_Exercise_:
Please give back, exactly as written, the lines from the line with "Jedną z nich" to the line with "Very good condition" in the listing below, leaving out all pictures.
━━━ Data section
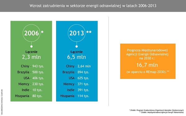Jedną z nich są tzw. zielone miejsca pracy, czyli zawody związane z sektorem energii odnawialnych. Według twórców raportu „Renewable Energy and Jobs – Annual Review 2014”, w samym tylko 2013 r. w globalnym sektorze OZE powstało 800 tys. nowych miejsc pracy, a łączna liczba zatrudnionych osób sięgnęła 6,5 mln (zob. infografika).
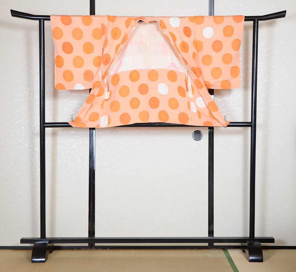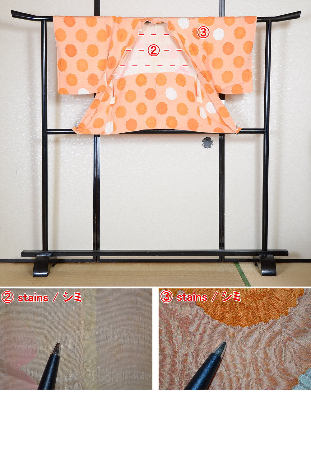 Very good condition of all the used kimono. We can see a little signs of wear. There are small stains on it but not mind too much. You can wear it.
━━━━━━
━━━ Data section
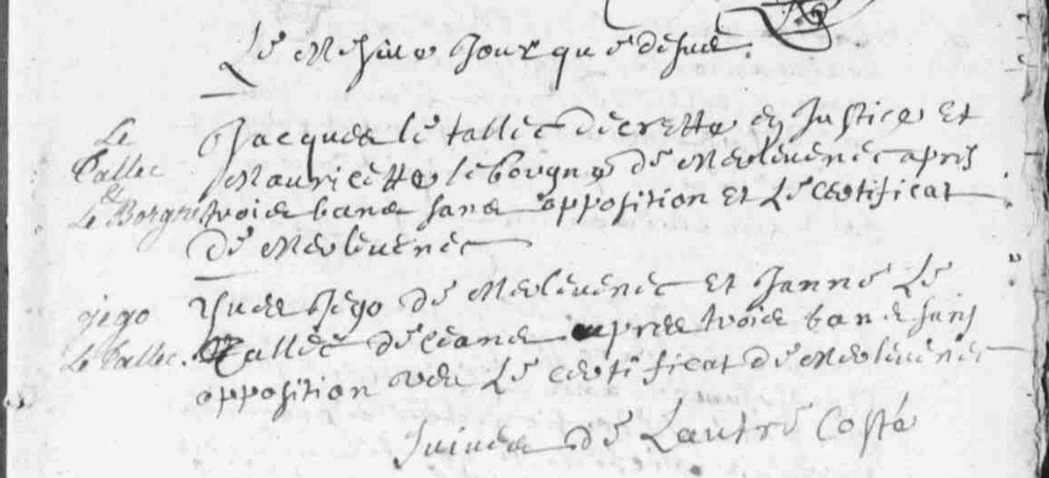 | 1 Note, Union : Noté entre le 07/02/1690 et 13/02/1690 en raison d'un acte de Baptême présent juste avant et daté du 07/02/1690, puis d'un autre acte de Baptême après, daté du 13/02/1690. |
━━━━━━
_Completed task_:
Jedną z nich są tzw. zielone miejsca pracy, czyli zawody związane z sektorem energii odnawialnych. Według twórców raportu „Renewable Energy and Jobs – Annual Review 2014”, w samym tylko 2013 r. w globalnym sektorze OZE powstało 800 tys. nowych miejsc pracy, a łączna liczba zatrudnionych osób sięgnęła 6,5 mln (zob. infografika).
 Very good condition of all the used kimono. We can see a little signs of wear. There are small stains on it but not mind too much. You can wear it.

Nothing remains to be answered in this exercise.